3. Pavakkai Pitlai, Bitter Gourd Black Eyed Peas Sambhar
Bitter gourd is a big no-no for some, although it finds its favour with a large number of Indians who don’t just approve of its bitterness, but enjoy the vegetable for it. This sambhar preparation calls for the use of bitter gourd that is steamed, along with a mix of black eyed peas and toor dal, and grated coconut to create something truly magical, something that you would keep coming back to, especially if you’re not a fan of bitter things. The bitterness from the gourd subsides in the creamy texture of the toor dal which dissolves into the dish, the viscosity from the added coconut and the bite from the beans along with the tanginess of the tamarind. This sambhar dish is well-rounded and not overly bitter and if you’re not convinced, try this for yourself and you won’t regret it.
4. Thakkali Sambhar, Tomato Drumstick Sambhar
Move aside, tomato soup! Thakkali sambhar is where we go to get our fix of deliciously sour and tangy stews that are made all the more nutritious with the addition of drumsticks and lentils. Toor dal is used to this effect but really, any lentils you have in your pantry would work just fine. At first, the drumsticks are stewed with onions in a tamarind broth until softened, to which the tomato is added blended with grated coconut and spices. The boiled and mashed dal is added at last and simmered till everything is well incorporated. This sambhar is not overly sour or tangy but pleasantly balanced with the right amount of sweetness from the jaggery and grated coconut. And what more, but the drumsticks in the end, that soaks up all the flavours which upon chewing releases it all over again, making us chew on it even more till it can’t be chewed no more.

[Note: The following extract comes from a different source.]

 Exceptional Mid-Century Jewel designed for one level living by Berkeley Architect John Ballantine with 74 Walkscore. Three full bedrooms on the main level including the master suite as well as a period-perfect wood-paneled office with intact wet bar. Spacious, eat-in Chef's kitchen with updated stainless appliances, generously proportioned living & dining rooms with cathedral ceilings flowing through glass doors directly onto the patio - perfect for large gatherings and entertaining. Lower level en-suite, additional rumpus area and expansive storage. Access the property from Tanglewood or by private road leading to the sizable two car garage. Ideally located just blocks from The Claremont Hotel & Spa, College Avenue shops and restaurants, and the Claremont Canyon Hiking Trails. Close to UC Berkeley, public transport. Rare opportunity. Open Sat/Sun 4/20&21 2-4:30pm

5. Mullangi Sambhar, Red Radish Sambhar
Red radishes are added to a regular sambhar but their presence is only felt in passing. This sambhar preparation calls for slow cooking the radish until completion with the toor dal and spices and adding a tadka in the end for extracting the maximum flavour. The shining light of this sambhar preparation is the radish, which is celebrated in the dish rather than made to mask its presence. No other vegetable is added to this extent and slow cooking this sambhar only makes it that much better, as the sambhar spices and the tamarind truly get the time to merge with the tough radishes and the flavours from the radish to infuse with the stew, making it a nutritious, healthy affair altogether. You can prepare it on the weekends or overnight and in the end, you will be greeted with a hearty sambhar without having to spend time hovering over the stovetop.